Source data:
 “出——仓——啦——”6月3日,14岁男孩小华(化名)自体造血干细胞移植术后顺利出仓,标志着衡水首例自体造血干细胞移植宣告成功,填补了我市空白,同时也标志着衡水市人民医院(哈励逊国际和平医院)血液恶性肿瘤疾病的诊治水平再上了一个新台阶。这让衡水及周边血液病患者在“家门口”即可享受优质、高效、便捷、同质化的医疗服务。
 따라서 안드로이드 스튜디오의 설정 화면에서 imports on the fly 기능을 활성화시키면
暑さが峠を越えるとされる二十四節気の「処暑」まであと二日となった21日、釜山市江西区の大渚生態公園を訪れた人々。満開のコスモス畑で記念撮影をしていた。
--
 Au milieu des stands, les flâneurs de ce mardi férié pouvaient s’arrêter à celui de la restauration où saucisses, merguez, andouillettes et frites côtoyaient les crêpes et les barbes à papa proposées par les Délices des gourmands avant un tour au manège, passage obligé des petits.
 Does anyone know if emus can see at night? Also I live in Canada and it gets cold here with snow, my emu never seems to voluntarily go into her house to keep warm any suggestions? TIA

Work to be completed: Look back at the data above. Transcribe exactly the lines starting at the line that contains "Au milieu des" and ending at the line that contains "Does anyone know".

Solution:
 Au milieu des stands, les flâneurs de ce mardi férié pouvaient s’arrêter à celui de la restauration où saucisses, merguez, andouillettes et frites côtoyaient les crêpes et les barbes à papa proposées par les Délices des gourmands avant un tour au manège, passage obligé des petits.
 Does anyone know if emus can see at night? Also I live in Canada and it gets cold here with snow, my emu never seems to voluntarily go into her house to keep warm any suggestions? TIA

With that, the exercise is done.